Alioune Ndour

Personal information
- Date of birth: 3 March 2001 (age 25)
- Place of birth: Dakar, Senegal
- Height: 1.88 m (6 ft 2 in)
- Position: Forward

Team information
- Current team: Dibba Al-Hisn
- Number: 45

Youth career
- FC Karack

Senior career*
- Years: Team / Apps / (Gls)
- 2018–2019: FC Karack
- 2019–2020: MFK Vyškov / 0 / (0)
- 2019–2020: → Loudoun United (loan) / 15 / (5)
- 2020–2023: B-SAD / 22 / (2)
- 2021: B-SAD B / 1 / (0)
- 2022–2023: → Châteauroux (loan) / 25 / (3)
- 2022–2023: → Châteauroux II (loan) / 2 / (1)
- 2023–2025: Estrela da Amadora / 9 / (0)
- 2024: → Zorya Luhansk (loan) / 11 / (0)
- 2025–: Dibba Al-Hisn / 0 / (0)

= Alioune Ndour (footballer, born 2001) =

Senegalese footballer

Alioune Ndour (born 3 March 2001) is a Senegalese professional footballer who plays as a forward for Dibba Al-Hisn.

==Career==
Ndour began his career in Senegal with FC Karack, before moving to the Czech Republic in 2019 with Vyskov.
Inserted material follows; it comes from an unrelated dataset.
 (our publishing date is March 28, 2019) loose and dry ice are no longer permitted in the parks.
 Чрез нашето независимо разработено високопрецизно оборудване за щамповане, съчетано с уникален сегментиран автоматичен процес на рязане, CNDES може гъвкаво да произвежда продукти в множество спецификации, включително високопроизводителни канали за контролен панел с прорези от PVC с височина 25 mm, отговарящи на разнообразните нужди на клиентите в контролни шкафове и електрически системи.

On 30 September 2019, Ndour moved to the United States, joining USL Championship side Loudoun United FC. On 7 January 2020, Loudoun announced Ndour would return for the 2020 USL season.
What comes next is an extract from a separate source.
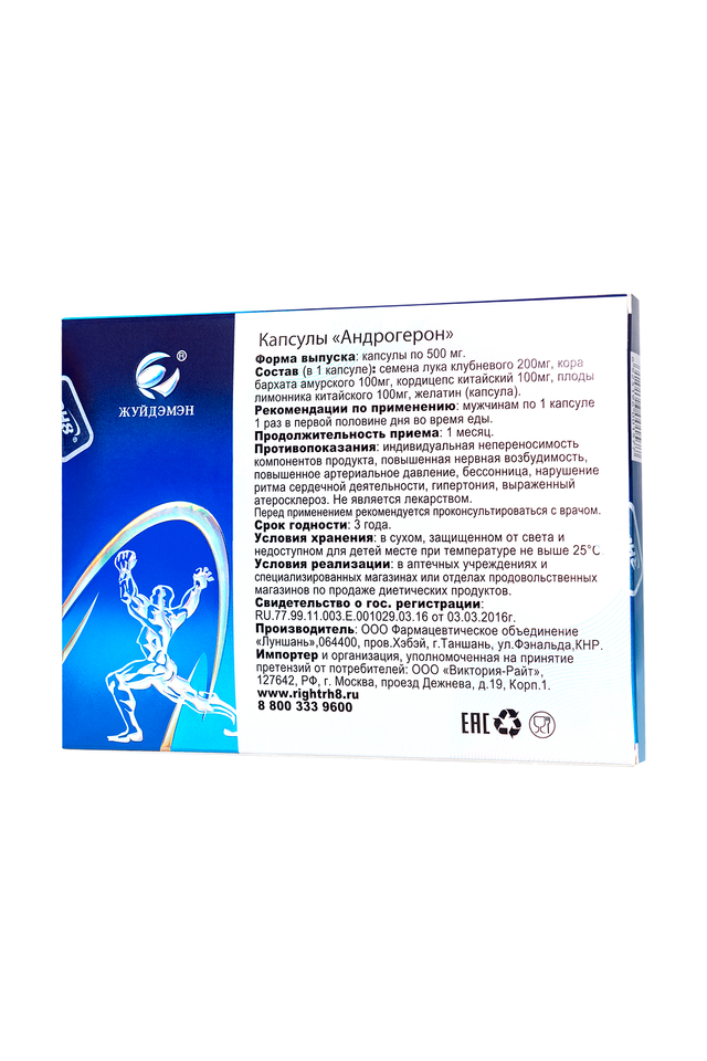 Возбуждающий препарат для мужчин “Андрогерон” — это отличный пример грамотного сочетания традиционной китайской медицины и современных технологий. Это препарат, который без вреда для здоровья усиливает половое влечение, повышает потенцию и дарит длительную эрекцию на длительное время или даже навсегда. Препарат “Андрогерон” не содержит гормонов и химических компонентов, это на 100% натуральный комплекс, который оказывает на организм общеукрепляющее действие. Быстрый эффект проявляется обычно через 15-30 минут после применения. Действие сохраняется в течение 3-5 дней. способствует улучшению эрекции увеличивает продолжительность секса предотвращает преждевременное семяизвержение усиливает сексуальное удовлетворение в несколько раз повышает либидо у мужчин, увеличивая общее удовлетворение половыми отношениями усиливает сексуальное удовлетворение делает сексуальные отношения ярче создан на основе растительного состава, безопасен в применении, не требует отказа от спиртного. Показания к применению: мужчинам со слабой эрекцией или ее отсутствием, с преждевременной эякуляцией и для усиления ощущений. Рекомендации по применению: Взрослым мужчинам по 1 капсуле 1 раз в день во время еды, за 30-60 минут до предполагаемой близости; запивать водой не менее стакана. Совместим с алкоголем. Противопоказания: Индивидуальная непереносимость компонентов продукта, повышенная нервная возбудимость, бессонница, повышенное артериальное давление, нарушение ритма сердечной деятельности, гипертония, выраженный атеросклероз. Не является лекарством. Перед применением рекомендуется проконсультироваться с врачом. Форма выпуска: 12 капсул массой 0,5 мг БАД, НЕ ЯВЛЯЕТСЯ ЛЕКАРСТВОМ.

On 21 October 2020, Ndour joined Primeira Liga side B-SAD on a 5-year deal.

On 2 September 2022, Ndour joined French club Châteauroux in Championnat National on loan for the 2022–23 season.
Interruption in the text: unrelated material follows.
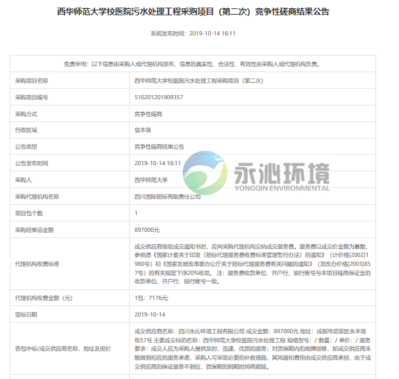 中標(biāo)西華師范大學(xué)校醫(yī)院污水處理項(xiàng)目

On 5 August 2023, recently-promoted to Primeira Liga side Estrela da Amadora announced the permanent signing of Ndour on a two-year contract. In February 2024, Estrela sent Ndour on loan to Ukrainian Premier League club Zorya Luhansk until the end of the 2023–24 season, with an optional buy-clause reported to be around €300.000. He moved on to Dibba Al-Hisn SC in February 2025.